That works great, thanks!

How would I then go about resampling, for bootstrapping, if there are no blocks.

I have the data in sfs_dict sampled into blocks as a python dict sfs_blocks_dict. Trying to convert this to a momi object with site_freq_spectrum(population_names, [sfs_blocks_dict]) of course does not work. I tried using the resample() function with sfs_dict: sfs_dict = function_to_load_my_dictionary sfs = momi.site_freq_spectrum(population_names, [sfs_dict]) resampled_sfs = sfs.resample() resampled_sfs_dict = resampled_sfs.to_dict() but resampled_sfs_dict does not seem to be any different from sfs_dict, observing with:

for key in sfs_dict.keys():
    print(sfs_dict[key])
    print(resampled_sfs_dict[key])

However, curiously, if I load the momi sfs object from file (generated from a simulation) and do the same thing: sfs = momi.Sfs.load(file_to_saved_momi_sfs) sfs_dict = sfs.to_dict() resampled_sfs = sfs.resample() resampled_sfs_dict = resampled_sfs.to_dict() Then the following values are different, as I would expect:

for key in sfs_dict.keys():
    print(sfs_dict[key])
    print(resampled_sfs_dict[key])

Why might this be? To reiterate, I just want a blocked version of my sfs_dict for bootstrapping, perhaps there is a better way.

trevorcousins commented 1 year ago

This is quite long winded but writes the sfs for each block into a new dict, each of which could be used for bootstrapping:

def list_to_tuple(z): # for some config (which is a list), convert to tuple
    zz = tuple([tuple(i) for i in z])
    return zz

num_blocks = sfs_dict['(locus,config_id,count)'][-1][0] # number of given blocks
LCC = np.array(sfs_dict['(locus,config_id,count)']) # the value of the "locus,config_id,count"
configs = sfs_dict['configs'] # list of configs
for i in range(0,num_blocks): # for every block
    newdict = {} # create new dict per block
    indices = [j for j in range(0,len(LCC)) if LCC[j][0]==i] # indices in LCC where our desired block is
    zLCC = LCC[indices,:] # get subset of LCC, for our desired block only
    for j in range(0,len(zLCC)): # save these to new dict
#         print(zLCC[j,1])
        newdict[list_to_tuple(configs[int(zLCC[j,1])])]=zLCC[j,2]
#     newdict[]

This feels particularly cumbersome, and I'm not sure this is appropriate for resampling anyway.
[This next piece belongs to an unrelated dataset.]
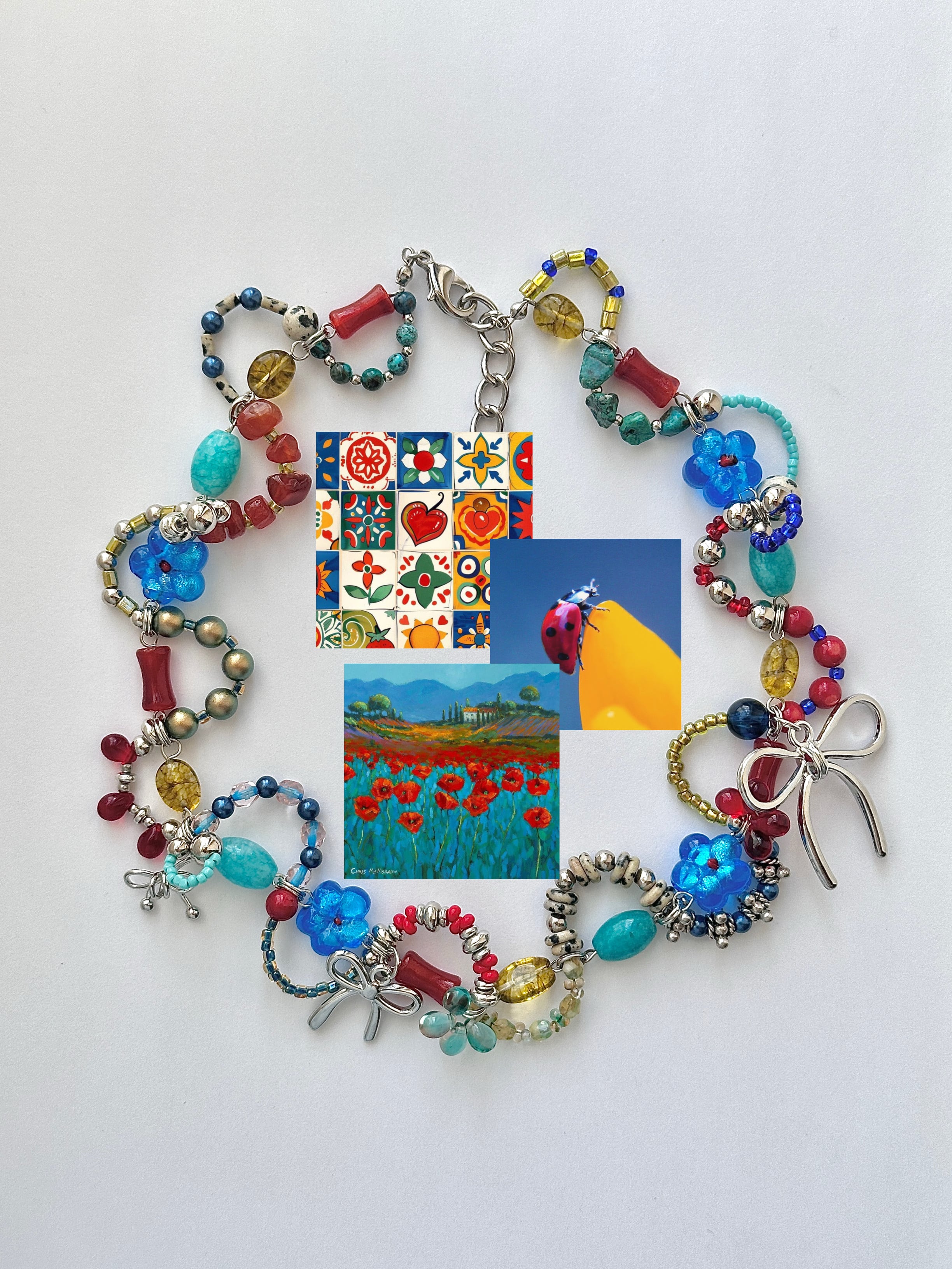 ・天然石(ダルメシアンジャスパー、カーネリアン、ターコイズ、赤珊瑚、水晶)

Is there a simple explanation as to how, given a blocked SFS file, momi would infer the parameters ? Use all the data across the blocks, then use some kind of jackknife in the resampling for a bootstrap?

jackkamm commented 1 year ago

You might be interested in the SnpAlleleCounts object, which stores a list of the SNP allele counts along with chromosome & position. It has the extract_sfs() method which returns a blocked SFS which can be used for resampling. The SnpAlleleCounts can be created from a VCF via SnpAlleleCounts.read_vcf(), or directly created with the function snp_allele_counts(). Would this work for you?

jackkamm commented 1 year ago

I think I may have misread, it sounds like you already have your SFS split into blocks.

I am not clear the format of your sfs_blocks_dict. But, if it is a list of dicts (with SFS for each block), then you can pass it directly to site_freq_spectrum(population_names, sfs_blocks_dict), no need to wrap it. If it's in some other format then you will have to convert it to a list of dicts first.

If you want to extract the blocked SFS from the Sfs object, there's a couple options:

trevorcousins commented 1 year ago

Thanks for these! It helped to solved my problem. I was missing the fact that the data needs to be in blocked format for resampling to be work at all. Let me describe what happened in case anyone else is reading.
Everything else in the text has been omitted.